Information shown:
↓

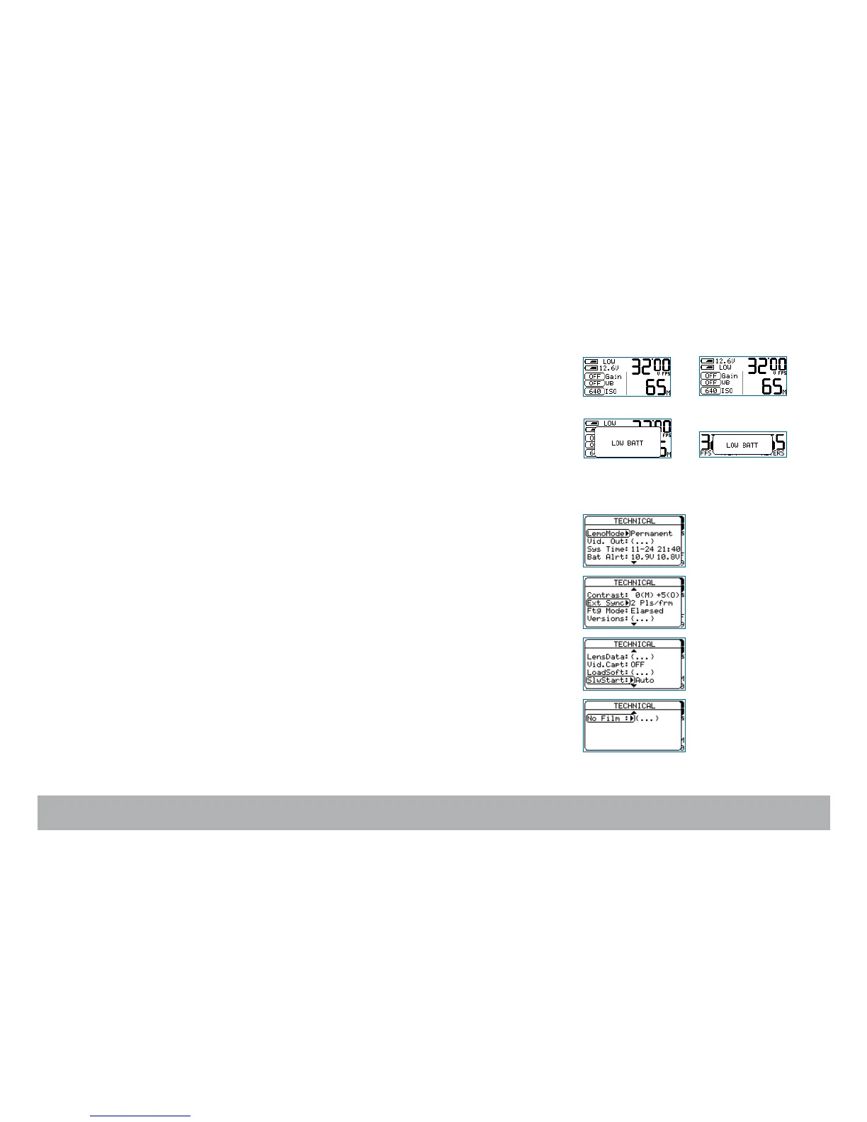 LEMO mode, Video out, Syst Time, Batt Alert, Contrast,
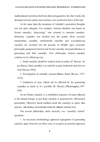 2. Investigation of causality concept (Hume, Kant) [Becon. 1971-
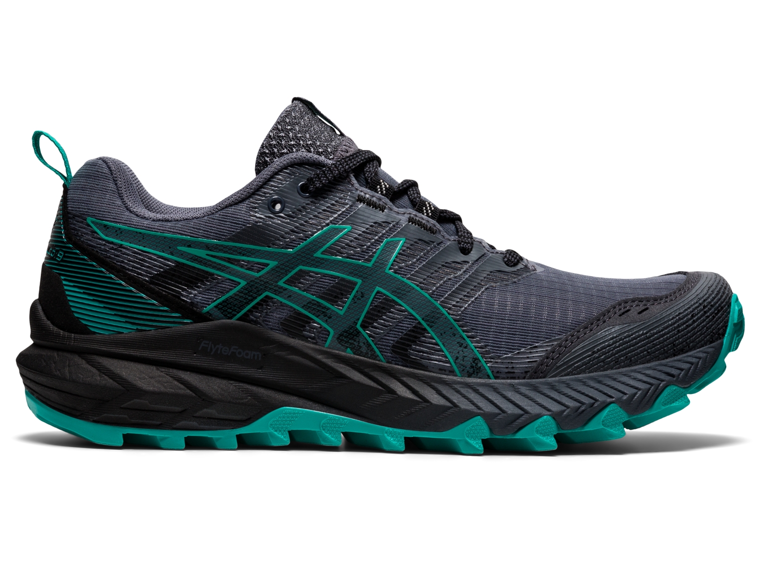 The GEL-TRABUCO⢠9 shoe has been re-engineered from top to bottom to assert itself as an all-around trail pioneer. Rugged and comfortable are the two terms that best describe this trail running shoe. It's for the off-road runner seeking excellent durability, protection, and grip. After reimagining the shoeās upper, this version weighs in at approximately one ounce (30gm) less than its predecessor. The advanced comfort comes from the FLYTEFOAMĀ® midsole material that's coupled with GELĀ® technology cushioning in the heel. Equipped with a DUOMAXĀ® support system that creates a more stable ride, this placement of foam on the medial side of the midsole offers a firmer density that keeps the foot from rotating inward too much (overpronation). The lugged outsole pattern features ASICSGRIP⢠rubber while incorporating an uphill and downhill lug pattern on the lateral and medial side of the shoe to improve traction on slippery terrain. Additionally, a rock protection plate helps the outsole stay flexible and shield the foot from abrupt terrain or trail debris. The GEL-TRABUCO⢠9 shoe is designed to help you fly through the trails with advanced traction both uphill and downhill, while the responsive midsole foam creates better propulsion throughout your off-road recon.

↑

Your task is to repeat exactly the lines from the beginning of the data to the line that contains "2. Investigation of", both ends included, leaving out pictures.

Response area:
 LEMO mode, Video out, Syst Time, Batt Alert, Contrast,
 2. Investigation of causality concept (Hume, Kant) [Becon. 1971-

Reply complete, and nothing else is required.